* _Your objective_
Transcribe the stretch of entries below from the line with "- Nội dung chính: Bao" through the line with "VanMan's Sunblock for", exactly and with both ends included; leave out all other lines.

* _Record excerpts_

----------

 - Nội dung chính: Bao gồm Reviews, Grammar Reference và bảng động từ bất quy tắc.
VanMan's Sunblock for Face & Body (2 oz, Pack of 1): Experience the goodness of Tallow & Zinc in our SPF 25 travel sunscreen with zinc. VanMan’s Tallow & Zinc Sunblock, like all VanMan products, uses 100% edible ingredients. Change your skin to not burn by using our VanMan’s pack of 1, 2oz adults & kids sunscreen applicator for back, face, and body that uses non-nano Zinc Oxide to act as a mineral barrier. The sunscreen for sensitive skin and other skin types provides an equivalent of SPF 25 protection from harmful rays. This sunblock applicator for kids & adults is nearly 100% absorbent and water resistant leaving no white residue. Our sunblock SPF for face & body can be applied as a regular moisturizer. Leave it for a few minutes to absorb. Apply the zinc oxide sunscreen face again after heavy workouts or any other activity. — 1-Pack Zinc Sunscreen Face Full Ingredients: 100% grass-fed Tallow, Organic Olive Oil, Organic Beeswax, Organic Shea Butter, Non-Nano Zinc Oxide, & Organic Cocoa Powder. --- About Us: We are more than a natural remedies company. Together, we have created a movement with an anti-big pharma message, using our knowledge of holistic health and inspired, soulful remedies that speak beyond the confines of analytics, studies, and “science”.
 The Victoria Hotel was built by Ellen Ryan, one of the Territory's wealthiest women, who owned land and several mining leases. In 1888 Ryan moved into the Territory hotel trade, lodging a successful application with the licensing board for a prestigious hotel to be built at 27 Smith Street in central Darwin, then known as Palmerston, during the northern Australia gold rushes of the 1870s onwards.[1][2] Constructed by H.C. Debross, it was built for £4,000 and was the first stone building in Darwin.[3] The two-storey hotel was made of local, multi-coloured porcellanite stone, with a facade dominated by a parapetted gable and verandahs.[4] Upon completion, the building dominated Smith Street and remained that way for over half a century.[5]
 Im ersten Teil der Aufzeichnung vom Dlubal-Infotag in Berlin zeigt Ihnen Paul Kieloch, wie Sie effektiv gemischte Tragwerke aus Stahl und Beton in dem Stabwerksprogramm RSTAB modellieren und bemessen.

----------

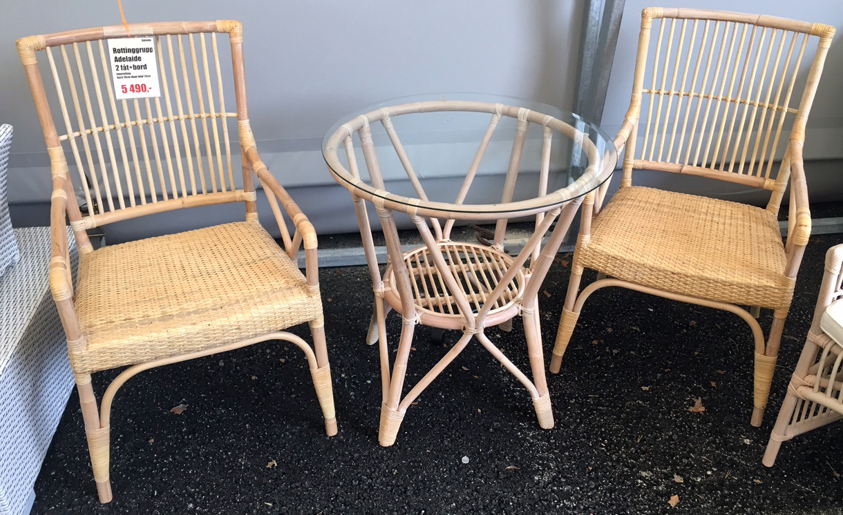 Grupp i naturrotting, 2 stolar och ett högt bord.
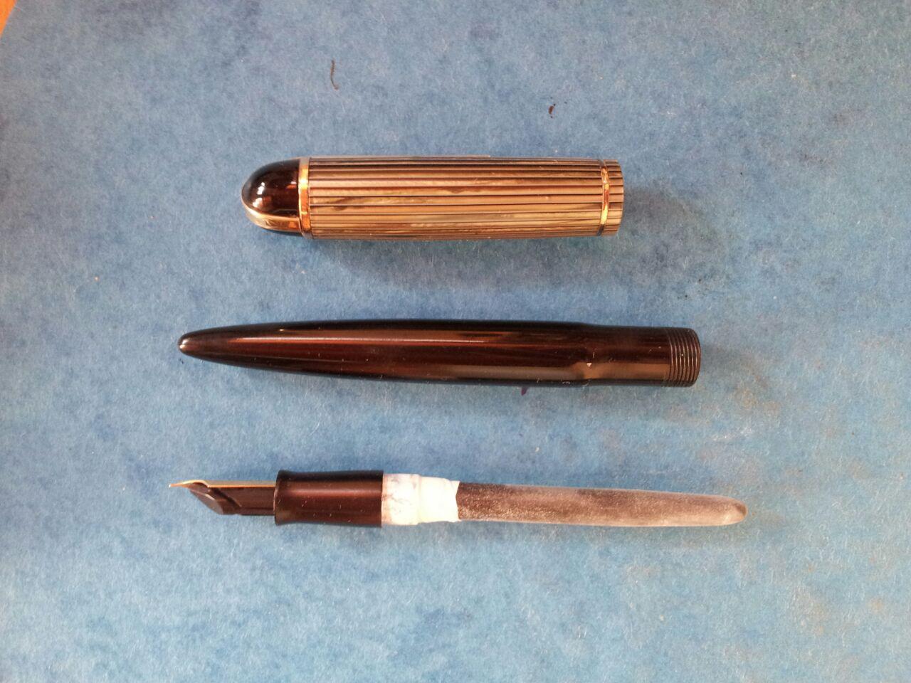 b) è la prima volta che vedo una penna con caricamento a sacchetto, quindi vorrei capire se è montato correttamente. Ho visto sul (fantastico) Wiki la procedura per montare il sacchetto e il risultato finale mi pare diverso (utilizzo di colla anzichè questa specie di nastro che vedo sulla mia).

----------

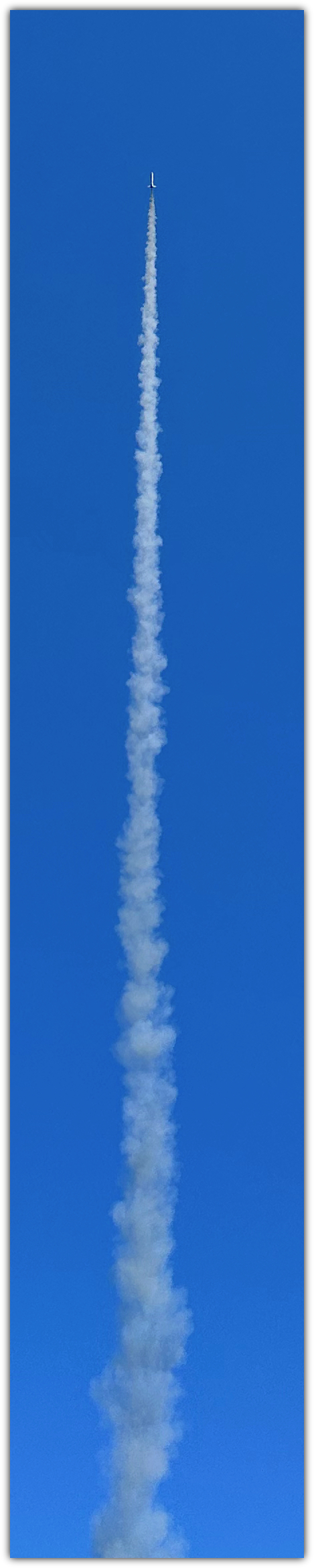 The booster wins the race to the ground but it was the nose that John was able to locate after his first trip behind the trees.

----------

* _Result for this exercise_
 - Nội dung chính: Bao gồm Reviews, Grammar Reference và bảng động từ bất quy tắc.
VanMan's Sunblock for Face & Body (2 oz, Pack of 1): Experience the goodness of Tallow & Zinc in our SPF 25 travel sunscreen with zinc. VanMan’s Tallow & Zinc Sunblock, like all VanMan products, uses 100% edible ingredients. Change your skin to not burn by using our VanMan’s pack of 1, 2oz adults & kids sunscreen applicator for back, face, and body that uses non-nano Zinc Oxide to act as a mineral barrier. The sunscreen for sensitive skin and other skin types provides an equivalent of SPF 25 protection from harmful rays. This sunblock applicator for kids & adults is nearly 100% absorbent and water resistant leaving no white residue. Our sunblock SPF for face & body can be applied as a regular moisturizer. Leave it for a few minutes to absorb. Apply the zinc oxide sunscreen face again after heavy workouts or any other activity. — 1-Pack Zinc Sunscreen Face Full Ingredients: 100% grass-fed Tallow, Organic Olive Oil, Organic Beeswax, Organic Shea Butter, Non-Nano Zinc Oxide, & Organic Cocoa Powder. --- About Us: We are more than a natural remedies company. Together, we have created a movement with an anti-big pharma message, using our knowledge of holistic health and inspired, soulful remedies that speak beyond the confines of analytics, studies, and “science”.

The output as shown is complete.